Indy 500 Bump Day Qualifying Bumped
One traditional piece of the Month of May festivities leading up to Indy 500 race day, is an event known as Bump Day. As the Indy 500 maxes out at 33 cars allowed for the race grid itself, on many occasions more cars are announced as entrants at the beginning of the month. Bump Day in its most recent form refers to the final day of qualifying which pits any cars that didn't turn in the top 30 times against each other to secure the final three spots. However, 2022's field has just 32 entrants, not even maxing out to 33, meaning no Bump Day is needed, and qualifying is simply to determine start order, and of course, pole position. Some would argue the lack of Bump Day is not a bad thing, as it means every team that's spent effort preparing to race will get to, but some fans may miss the drama.
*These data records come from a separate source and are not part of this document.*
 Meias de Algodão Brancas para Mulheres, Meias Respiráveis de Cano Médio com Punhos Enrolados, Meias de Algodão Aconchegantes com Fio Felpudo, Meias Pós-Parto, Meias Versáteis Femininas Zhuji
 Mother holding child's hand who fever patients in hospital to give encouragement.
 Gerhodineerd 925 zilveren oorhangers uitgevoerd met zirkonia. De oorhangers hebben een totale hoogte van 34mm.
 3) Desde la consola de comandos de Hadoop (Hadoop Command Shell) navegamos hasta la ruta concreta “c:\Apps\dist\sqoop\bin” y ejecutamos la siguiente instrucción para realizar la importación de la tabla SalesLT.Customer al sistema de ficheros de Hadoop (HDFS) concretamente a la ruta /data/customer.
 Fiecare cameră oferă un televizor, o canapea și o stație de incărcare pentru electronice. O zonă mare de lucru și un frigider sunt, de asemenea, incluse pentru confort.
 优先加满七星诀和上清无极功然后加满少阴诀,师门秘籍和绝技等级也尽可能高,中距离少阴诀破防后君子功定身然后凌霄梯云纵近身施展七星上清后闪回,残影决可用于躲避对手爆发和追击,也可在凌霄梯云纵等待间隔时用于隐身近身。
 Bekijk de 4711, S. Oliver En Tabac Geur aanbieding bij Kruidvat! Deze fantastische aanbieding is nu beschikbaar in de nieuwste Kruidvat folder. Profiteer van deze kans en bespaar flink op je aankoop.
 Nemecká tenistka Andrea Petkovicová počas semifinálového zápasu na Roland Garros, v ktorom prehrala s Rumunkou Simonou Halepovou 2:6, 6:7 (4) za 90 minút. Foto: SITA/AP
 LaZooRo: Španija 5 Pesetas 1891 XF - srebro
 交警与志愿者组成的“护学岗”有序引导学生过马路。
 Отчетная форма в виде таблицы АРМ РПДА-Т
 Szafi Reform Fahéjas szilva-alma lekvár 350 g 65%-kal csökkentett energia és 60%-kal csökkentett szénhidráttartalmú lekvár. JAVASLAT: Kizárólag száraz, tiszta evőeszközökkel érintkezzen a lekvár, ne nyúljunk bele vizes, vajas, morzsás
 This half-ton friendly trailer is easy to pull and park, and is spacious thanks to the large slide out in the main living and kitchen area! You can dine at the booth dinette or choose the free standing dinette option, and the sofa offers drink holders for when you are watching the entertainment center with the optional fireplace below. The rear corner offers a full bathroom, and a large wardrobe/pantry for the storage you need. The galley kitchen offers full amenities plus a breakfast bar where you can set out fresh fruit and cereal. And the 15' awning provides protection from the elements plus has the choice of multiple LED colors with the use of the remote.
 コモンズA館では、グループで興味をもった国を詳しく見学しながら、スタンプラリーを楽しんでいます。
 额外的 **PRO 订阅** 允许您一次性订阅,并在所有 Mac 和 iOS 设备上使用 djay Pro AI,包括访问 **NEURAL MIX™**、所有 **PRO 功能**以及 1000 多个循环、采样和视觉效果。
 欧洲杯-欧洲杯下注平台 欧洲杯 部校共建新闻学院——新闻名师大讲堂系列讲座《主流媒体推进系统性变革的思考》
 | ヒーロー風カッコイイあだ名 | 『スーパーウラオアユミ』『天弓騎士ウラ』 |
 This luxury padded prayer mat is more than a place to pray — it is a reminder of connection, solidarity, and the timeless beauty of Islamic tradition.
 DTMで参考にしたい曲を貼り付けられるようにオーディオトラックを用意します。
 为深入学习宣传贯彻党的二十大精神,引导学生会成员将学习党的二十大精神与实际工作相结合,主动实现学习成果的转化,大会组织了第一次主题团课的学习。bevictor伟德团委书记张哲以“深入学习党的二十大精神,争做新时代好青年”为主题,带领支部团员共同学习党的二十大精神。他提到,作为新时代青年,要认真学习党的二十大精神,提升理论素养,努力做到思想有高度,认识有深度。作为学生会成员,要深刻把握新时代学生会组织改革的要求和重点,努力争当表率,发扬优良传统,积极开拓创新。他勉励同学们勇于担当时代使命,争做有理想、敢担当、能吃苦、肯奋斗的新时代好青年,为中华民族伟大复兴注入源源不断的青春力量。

A new qualifying format will debut this year instead. While the number of entries may not be directly traceable to supply chain issues, difficulties in getting parts and higher associated costs may have led Indy Car teams on the fence to stay home.
Indy Car Hybrid Engine Debut Delayed
The debut of hybrid engines in Indy Car racing has been in the works for some time, but it will wait a bit longer. The racing series behind the Indy 500 blames supply chain issues, specifically with some key hybrid components, for a delayed introduction to the 2024 season. The new 2.4-liter, twin-turbocharged V-6 engines with hybrid technology would allow cars to reach 900 horsepower according to Indy Car, about 200 more horsepower than currently possible. And while climate impact figures are unclear at this time, a hybrid supplement should increase fuel efficiency, thus reducing consumption. The other impact of the engine switch is theoretically to have more auto manufacturers involved in Indy Car in addition to Chevrolet and Honda, the current engine providers. The delay to 2024 at this early date suggests Indy Car leadership wants to ensure all the supply chain issues are ironed out and allow enough time for teams and manufacturers (new and current) to prepare.